Single-pole automatic machine. This is the simplest type of circuit protection device. Only 2 wires are connected to it: one goes to the load, the second is the power supply. It is placed on a standard 18 mm din rail. The power wire is connected from the top, and the load to the bottom terminal. It can operate on single, two or three phase power lines. In addition to the power and load wires, it has a neutral and ground, which are connected to the corresponding bus. Such machines are not installed at the input, since the circuit will open only along the phase line. Zero wiring remains closed and in case of failures, potential may remain on it.

Bipolar machine, its difference from unipolar. This type of circuit breaker allows you to completely de-energize the wiring of the room. It allows you to synchronize the moment when two of its output lines are turned off. The latter leads to a higher level of safety during electrical work. It can be used as a stand-alone toggle switch for appliances such as a water heater or washing machine. The connection is made through 4 cables: a pair at the input and output.
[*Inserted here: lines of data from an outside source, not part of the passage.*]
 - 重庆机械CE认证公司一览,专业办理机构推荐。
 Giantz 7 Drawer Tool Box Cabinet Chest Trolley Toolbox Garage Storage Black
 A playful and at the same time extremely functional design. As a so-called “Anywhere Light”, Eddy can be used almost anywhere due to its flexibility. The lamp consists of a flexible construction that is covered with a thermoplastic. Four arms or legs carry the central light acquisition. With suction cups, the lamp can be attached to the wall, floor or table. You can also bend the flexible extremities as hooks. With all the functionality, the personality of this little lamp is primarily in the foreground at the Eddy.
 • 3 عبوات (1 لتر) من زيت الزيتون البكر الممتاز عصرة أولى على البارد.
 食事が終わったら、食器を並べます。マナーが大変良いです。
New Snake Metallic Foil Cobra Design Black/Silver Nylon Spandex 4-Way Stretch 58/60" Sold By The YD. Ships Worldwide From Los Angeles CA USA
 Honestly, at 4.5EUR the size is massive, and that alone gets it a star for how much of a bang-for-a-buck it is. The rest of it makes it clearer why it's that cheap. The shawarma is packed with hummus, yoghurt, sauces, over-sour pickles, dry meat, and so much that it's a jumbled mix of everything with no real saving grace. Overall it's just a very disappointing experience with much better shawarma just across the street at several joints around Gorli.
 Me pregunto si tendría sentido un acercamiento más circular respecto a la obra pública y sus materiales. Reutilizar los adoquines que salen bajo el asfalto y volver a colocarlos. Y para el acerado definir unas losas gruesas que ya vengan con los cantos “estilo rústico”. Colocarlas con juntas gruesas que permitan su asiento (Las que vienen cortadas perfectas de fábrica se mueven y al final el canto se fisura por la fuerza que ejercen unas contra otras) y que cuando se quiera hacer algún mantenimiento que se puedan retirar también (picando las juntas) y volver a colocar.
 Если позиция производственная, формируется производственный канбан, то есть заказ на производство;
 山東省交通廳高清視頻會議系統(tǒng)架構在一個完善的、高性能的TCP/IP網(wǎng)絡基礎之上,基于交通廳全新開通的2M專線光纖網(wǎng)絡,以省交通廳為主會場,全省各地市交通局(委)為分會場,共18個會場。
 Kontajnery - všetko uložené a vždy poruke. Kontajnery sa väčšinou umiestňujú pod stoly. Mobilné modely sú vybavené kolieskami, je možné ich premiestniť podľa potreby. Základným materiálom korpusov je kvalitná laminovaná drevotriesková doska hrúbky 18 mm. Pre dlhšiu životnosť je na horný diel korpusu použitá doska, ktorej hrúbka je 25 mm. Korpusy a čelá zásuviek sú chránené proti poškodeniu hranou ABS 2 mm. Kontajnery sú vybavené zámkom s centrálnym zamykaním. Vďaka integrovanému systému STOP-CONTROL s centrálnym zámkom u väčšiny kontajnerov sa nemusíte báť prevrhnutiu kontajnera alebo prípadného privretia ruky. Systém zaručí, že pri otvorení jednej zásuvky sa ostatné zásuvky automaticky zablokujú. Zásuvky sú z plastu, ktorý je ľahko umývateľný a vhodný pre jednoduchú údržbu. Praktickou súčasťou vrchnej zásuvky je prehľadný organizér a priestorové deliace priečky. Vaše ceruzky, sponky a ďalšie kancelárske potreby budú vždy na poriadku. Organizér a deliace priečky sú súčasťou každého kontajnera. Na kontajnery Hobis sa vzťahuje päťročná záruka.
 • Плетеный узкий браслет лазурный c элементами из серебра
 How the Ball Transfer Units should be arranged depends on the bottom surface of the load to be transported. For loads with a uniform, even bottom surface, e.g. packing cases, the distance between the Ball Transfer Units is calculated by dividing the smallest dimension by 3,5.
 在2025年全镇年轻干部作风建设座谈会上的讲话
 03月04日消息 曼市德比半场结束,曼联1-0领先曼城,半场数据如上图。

A simple question is logical: is it possible to connect two single-pole machines instead of one two-pole? Of course no. After all, with an automatic trip, the two-terminal disconnects all output lines. For a pair of independent machines, overload may not occur on one of the lines and the de-energization will be partial. In ordinary apartments, you can connect the phase and neutral line to this machine. When opened, a complete de-energization of the entire group of devices that are powered from it will occur.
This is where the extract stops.